The Project “BLUESLEMON – BT Beacon and Unmanned Aerial System technologies for Landslide Monitoring” is funded by provincial funds of South Tirol Italian Autonomous Province and it is developed with the support of Beacon Südtirol-Alto Adige project (funded by the south tyrolean European Regional Development Fund) under the supervision of the NOI Techpark Südtirol/Alto Adige as support for consultancy, networking and R&D project backing for the use of UAS in alpine environments.

The project “BLUESLEMON” aims to develop a low-cost automatic system for monitoring landslide surface displacement through the integration of Bluetooth (BT) Beacons localization and UAS also named Remotely Piloted Aircraft System (RPAS) technologies. Two subsystems will assemble the final setup: the ground sensors technology and the periodic localization system composed by UAV and beacon reader. These are designed as an inseparable integrated architecture and each individual subsystem cannot operate on the supposed landslide areas without the cooperation of the other one.
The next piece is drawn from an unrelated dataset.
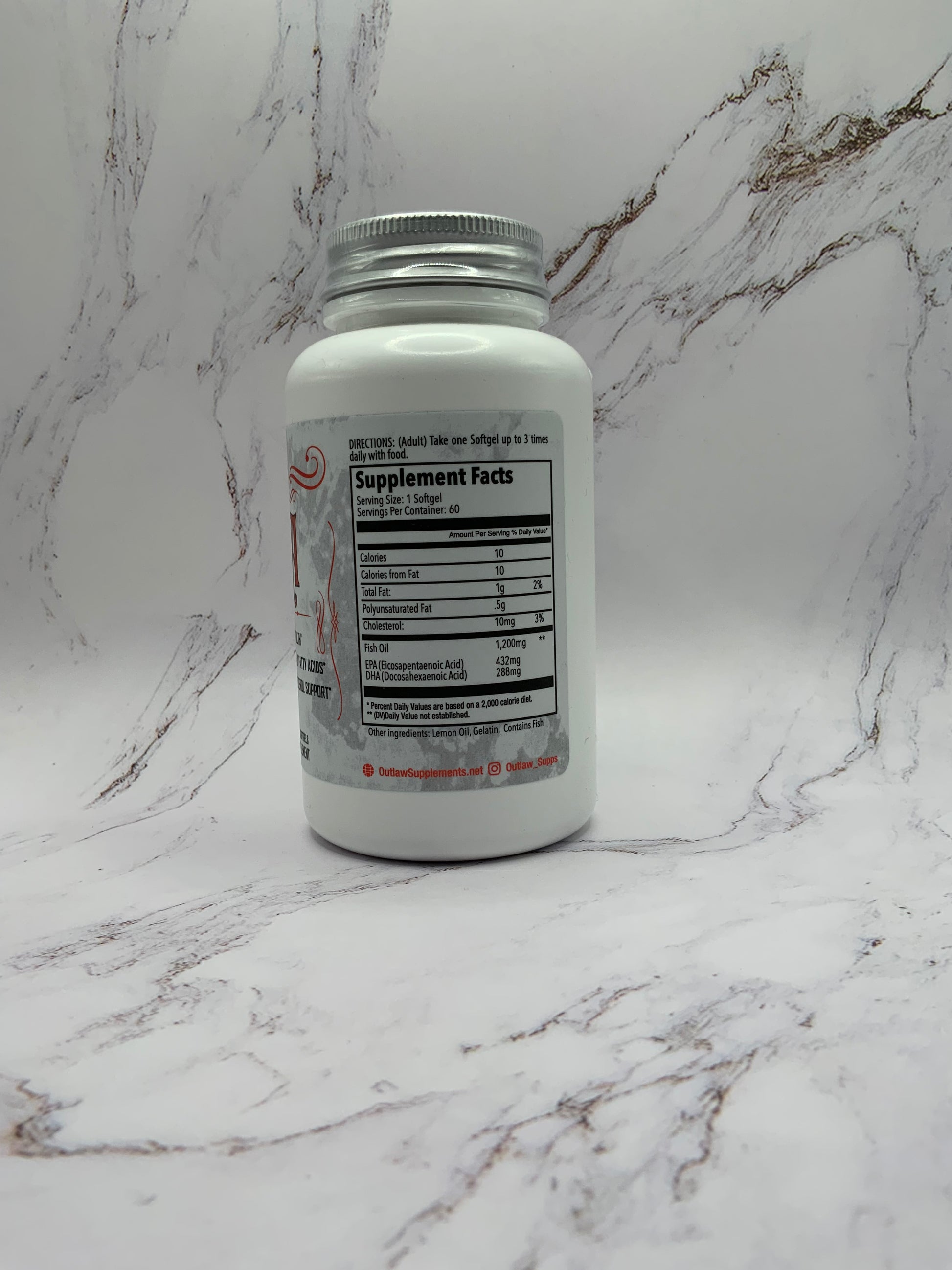 If you're looking for an easy way to enjoy the benefits of Omega-3s without the powerful, fishy aftertaste, turn to Outlaw Supplement's Omega soft gels. When you take one capsule daily with food, this fish oil dietary supplement helps support optimal eye and brain function, cardiovascular health, and skin and joint health.

Thus, a main challenge consists in the identification of low-power-consumption and high-precision Bluetooth devices, as well as in the development of a UAV platform capable to work even at a limit of feasibility considered for an Alpine scenario (e.g. -20 °C at 2500 m asl). To prevent undesirable collisions with surrounding structures (e.g. trees, powerlines and funicular railways), the UAV platform will be equipped with obstacle-detection sensors and collision-avoidance algorithms.
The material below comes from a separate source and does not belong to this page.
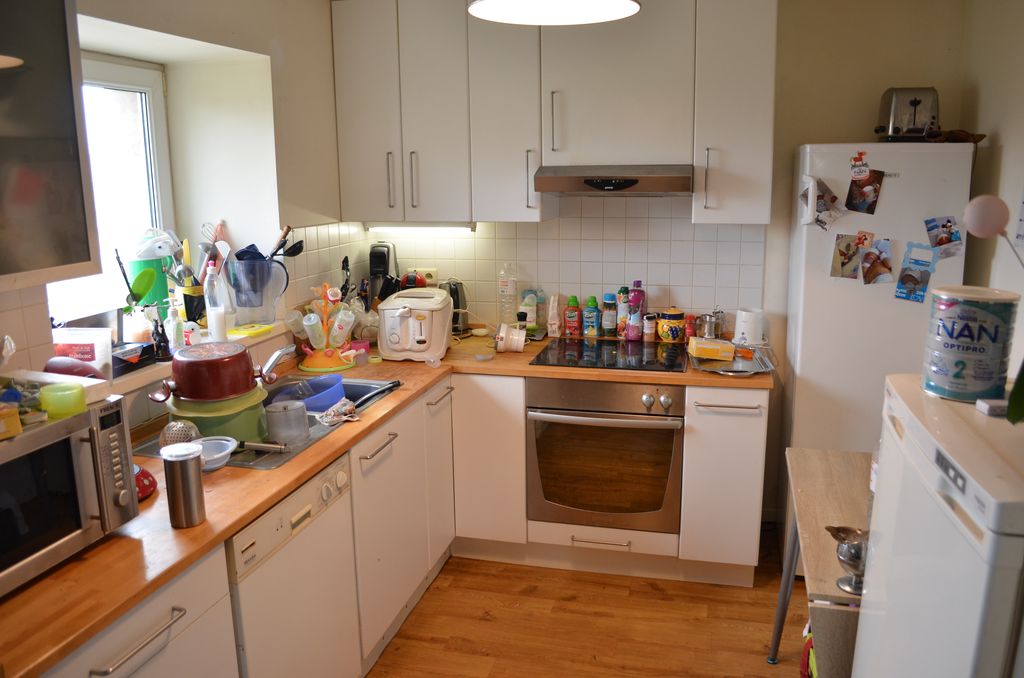- Cuisine équipée: (2.62x2.81) 7.39m², vinyle, double évier, taque vitrocéramique 4 points, hotte, four électrique, lave-vaisselle

The proposed architecture aims to exceed the state-of-the-art methodologies by obtaining a single low-cost system adaptable for the inspection of movements related to different types of gravity-driven natural hazards (e.g. slow-moving earth flows, discontinuities in rock walls). In addition, the expected autonomy of the system will allow to avoid the risky operations in-situ. Nowadays, the current methodologies (with or without UAS) are characterized by a high level of criticality in extreme environments such as the alpine surroundings.

The solutions of the project’s requirements are of great interest for future reconfigurations of the developed system, in order to extend its use for search and rescue operations in dangerous conditions. Therefore, the suggested method will represent a strong novelty in the reference sector and lead to further application developments with considerable added value elements.

Objectives and Peculiarities

•Implementation of a pervasive monitoring system of landslide zones

Low environmental impact components in situ: no cables and small size components

•Increasing operator safety in high risk locations

•Obtain timely information on the movement rates in the medium and short term on specific surface movement

•Use of Internet Of Things and Fog Computing paradigms for terminals management in situ

Multi-role and multi-objective UAS able to manage the detection nodes on the surfaces at risk

•RPAS able to operate in extreme climatic and environmental conditions.


Q4T Drone

The Q4T Remotely Piloted Aircraft System has been developed to perform aerial surveys with many kind of sensors, as well as reconnaissance flight missions with a thermal-visible payload or with a 10x zoom camera. The payload can be mounted on a 3-axis gimbal. It can also carry onboard a LiDAR sensor for precise terrain scanning and 3D modelling.


Accurate localization and positioning system (GPS RTK)

Detection and control of ground nodes

Reconfigurable platform for different payloads

•Capability to work even at limit of feasibility considered for an Alpine scenario (e.g. -20 °C at 2500 m asl)

•Endurance and stability performances allow to detect ground nodes in a unique flight mission

Autonomous missions defined by waypoints set previously

•Management of obstacle-detection sensors and collision-avoidance algorithms.

BT Beacon system

Accurate distribution on the landslide

•Reference beacon

Endurance and stability performances: up to 7 years of battery endurance

No active maintenance

•Easily reconfigurable distribution

•Identification of low-power-consumption and high-precision Bluetooth devices.


Collision Avoidance Simulations

Different scenarios for different flight missions:

1.No Obstacle Environment

2.Corvara (BZ) Landslide Environment

3.Rough Environment


Verification of the variation of the 3DVFH+ algorithm performances as a function of the variation of different parameters. Optimization of simulation parameters through free simulation software like ROS and Gazebo.

Extreme Environment Simulations

Verify drone and batteries limits within a controlled extreme environment chamber.

Temperature range from -20°C to 35 °C, altitude range from 0 m ASL up to 5000 m ASL.


1.Drone performance characterization (no battery)

2.Drone batteries characterization

3.Characterization of the complete system (drone with battery).